Publication Date: 20260505
Application Date: 20260408

Claims (10)

1. A voice reconstruction method based on gating recalibration and routing weighting is characterized by comprising the following steps: Acquiring an original voice signal and preprocessing; Inputting the preprocessed voice signals into a nerve vocoder model, and outputting to obtain reconstructed voice signals; The processing procedure of the preprocessed voice signal in the nerve vocoder model comprises the following steps: The input voice signal firstly enters an encoder, the encoder is composed of a multi-stage one-dimensional convolution downsampling structure and a sequence modeling structure to obtain coding features, then the coding features are input into an intra-group channel gating recalibration module, channel grouping is carried out on the coding features, group-level global statistics is extracted, group gating weights are generated, self-adaptive recalibration is carried out on the coding features based on the group gating weights to obtain recalibrated features, the recalibrated features are input into a residual vector quantizer to be discretized to obtain a discrete index sequence, during decoding, quantization features are recovered according to the discrete index sequence, the recovered quantization features are input into a decoder, and the reconstructed voice is obtained through up-sampling and waveform reconstruction.
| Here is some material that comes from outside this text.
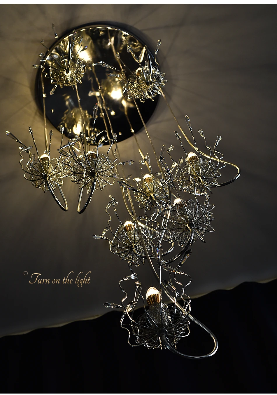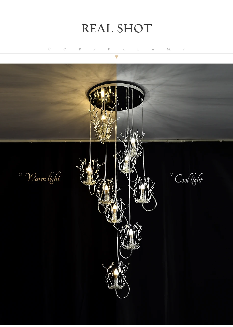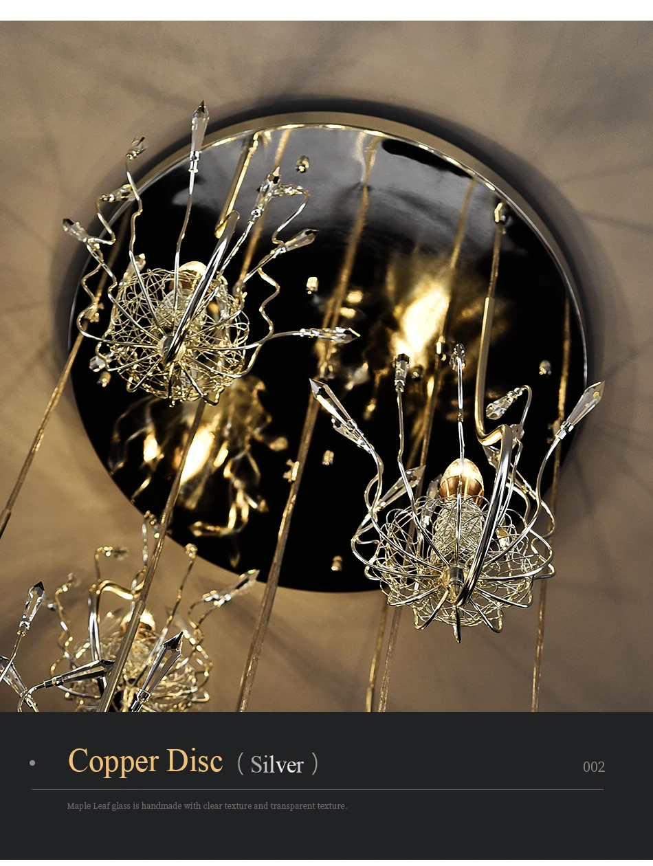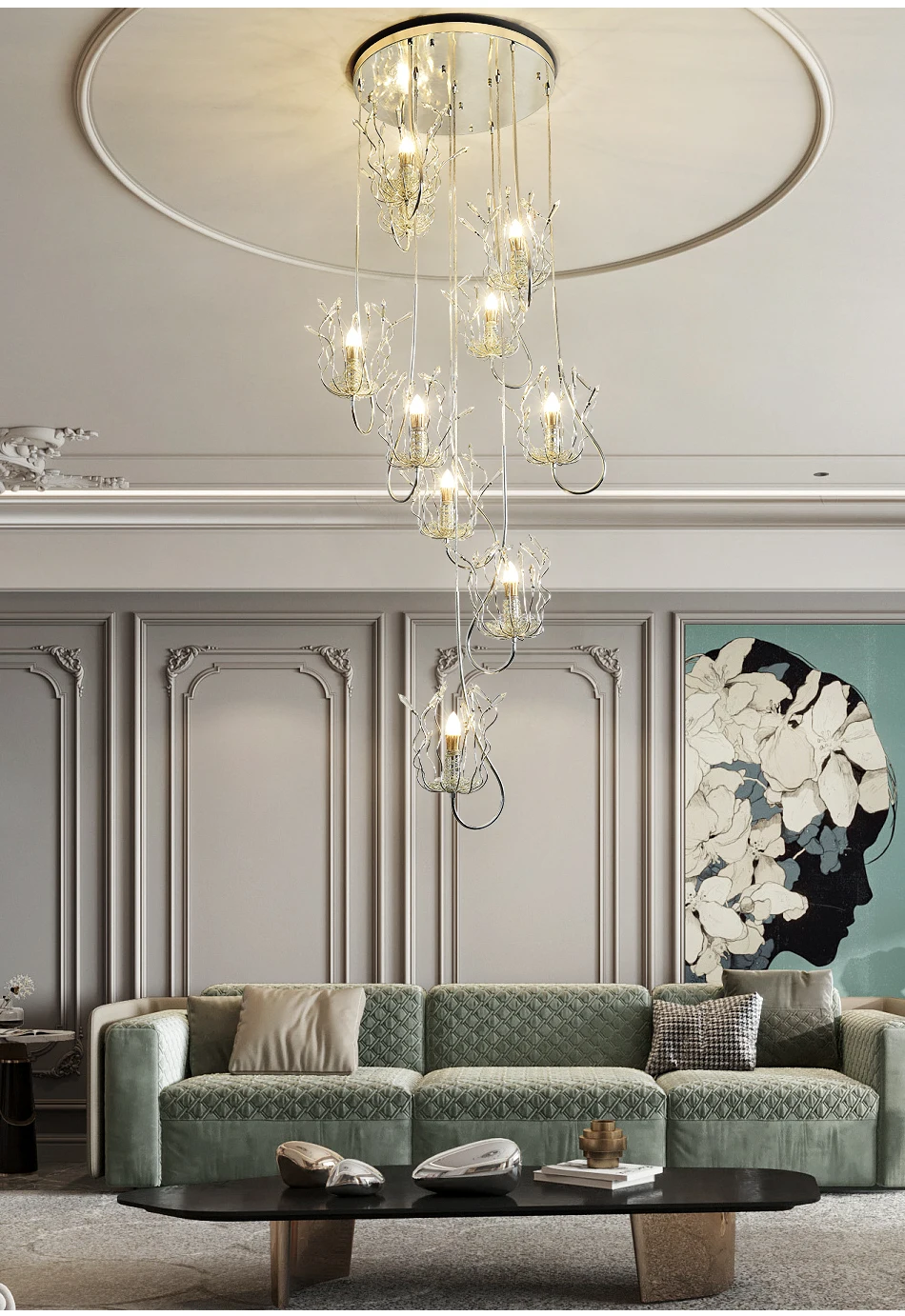 ODYSEN ART DECO Chandelier for Staircase Villa Hallway Long Led Copper Creative Lobby Loft Light Silver Crysta Lamp Large House

2. The method for reconstructing voice based on gate recalibration and route weighting according to claim 1, wherein the intra-group channel gate recalibration module comprises a feature statistics module, a gate generation module and a broadcast recalibration module.
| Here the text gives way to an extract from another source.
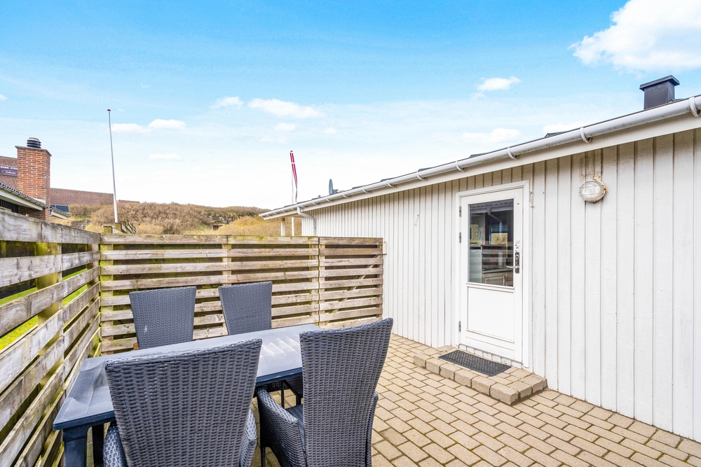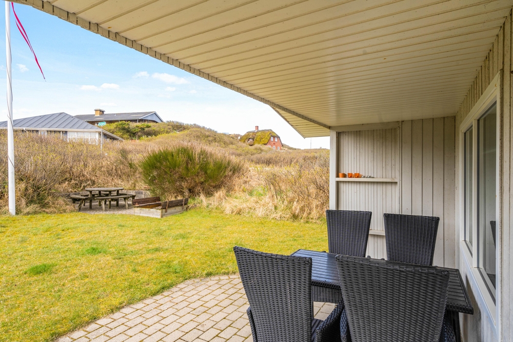 Til sommerhuset er der et skønt udeområde, hvor det er oplagt at tilbringe de varme feriedage. Her kan I blandt andet finde jer til rette og slappe af i havemøbler og liggestole på terrassen med lyden af brændingen i baggrunden. Terrassen er delvist overdækket, og derfor har I også mulighed for at sidde i skygge, hvis I skulle få brug for det.

3. The voice reconstruction method based on gate control recalibration and routing weighting according to claim 2, wherein the coding features enter a feature statistics module, global average pooling is performed on the coding features to obtain channel statistics vectors, then channel dimensions are divided according to a preset group number, the statistics vectors are rearranged, and average aggregation is performed on the channel dimensions in the group to obtain group-level description vectors; the group level description vector is further input into a gating generation module, and the gating generation module is composed of two full-connection layers and is used for generating group gating weights; And the group of gating weights are then input into a broadcast recalibration module to obtain a feature representation after recalibration.
4. The method for reconstructing voice based on gate-controlled recalibration and route weighting according to claim 1, wherein a route-guided adaptive weighted reconstruction loss mechanism is introduced into a training framework of a neural vocoder model, and the loss calculation and parameter updating are participated in the training phase.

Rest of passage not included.